I know Albert Einstein once said “Change is the only constant.” So wouldn’t climate “change”, be inevitable? Things are constantly changing!

Regardless, the question becomes, will a rise in this fraction of the atmosphere (0.04%) really cause catastrophic damage to the protective ozone layer? Or are humans just too infinitesimally small to effect it? Lmk what you think!

FINAL EDIT to this post:

Honestly, I've realized that this is truly an endless discussion. I've also realized how much I don't know on this topic of energy. I will say, that after doing some research, I really did not know that much about nuclear energy. Its actually a pretty legit energy source. Its not only renewable, but it can produce energy at all times of the day as oppose to solar and wind. The main problem is the fear that surrounds it. There is fear because of Cheronobyl and another failure in Japan (I cant remember the name), but apparently both of the consequences of those have been somewhat exaggerated and they basically didn't cause as much damage as we think. For example, when someone is asked how many people died at each of them, they will say a number much higher than how many actually died. Additional fear of "nuclear" comes with the relation that word has to weapons of mass destruction.

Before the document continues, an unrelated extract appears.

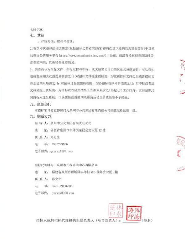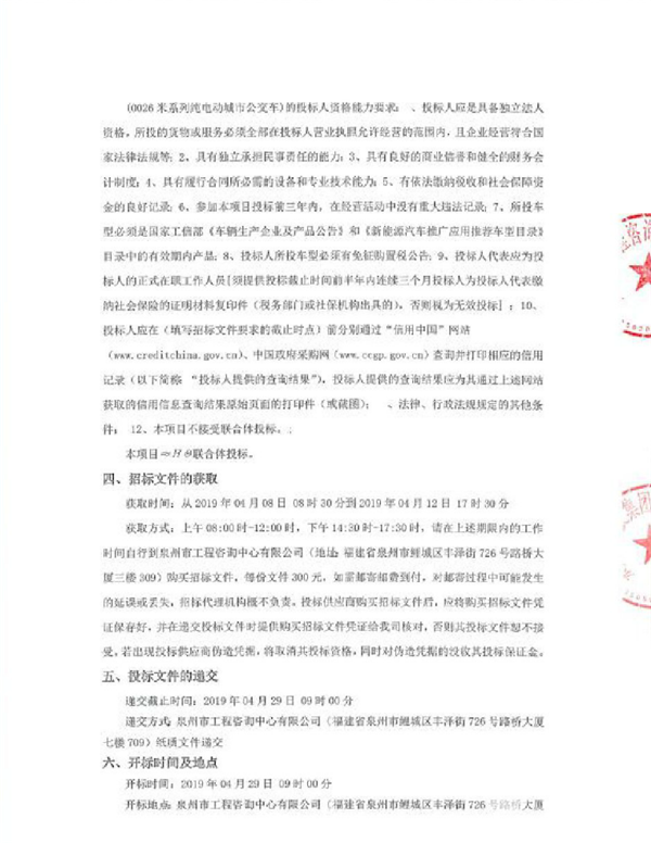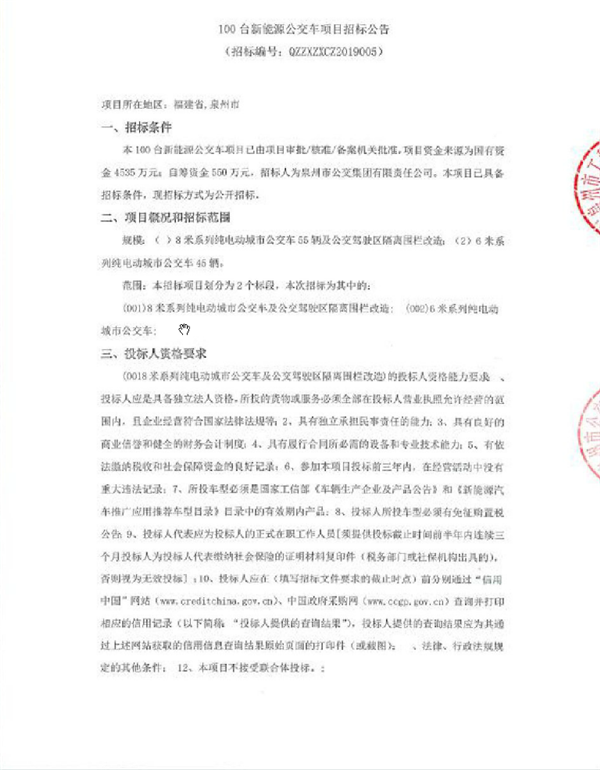 福建泉州市公交集团有限公司100辆新能源公交车项目招标公告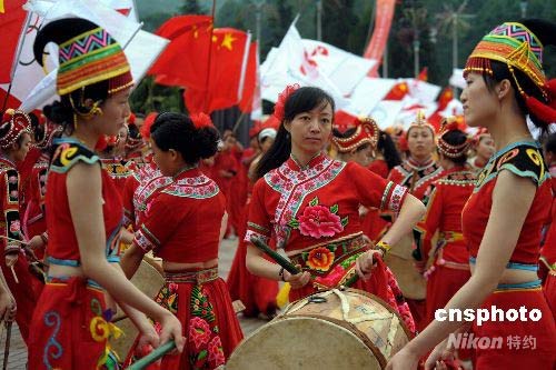 图:云南各民族群众欢庆奥运圣火传递 (3)

Anyways, there is absolutely no doubt that the climate is changing and the amount of CO2 is increasing and that humans are the source of this. And while there are (a majority of) people that will say the rise in CO2 is bad and it will lead to the destruction of our ozone layer which will lead to catastrophic weather events, there are also people (the minority) that will say its good, citing the fact that plants like CO2 and that it will help them to grow larger and greener. So whether or not CO2 is increasing as a result of humans, there is no debate. The question is rather, by how much, and is it good or bad?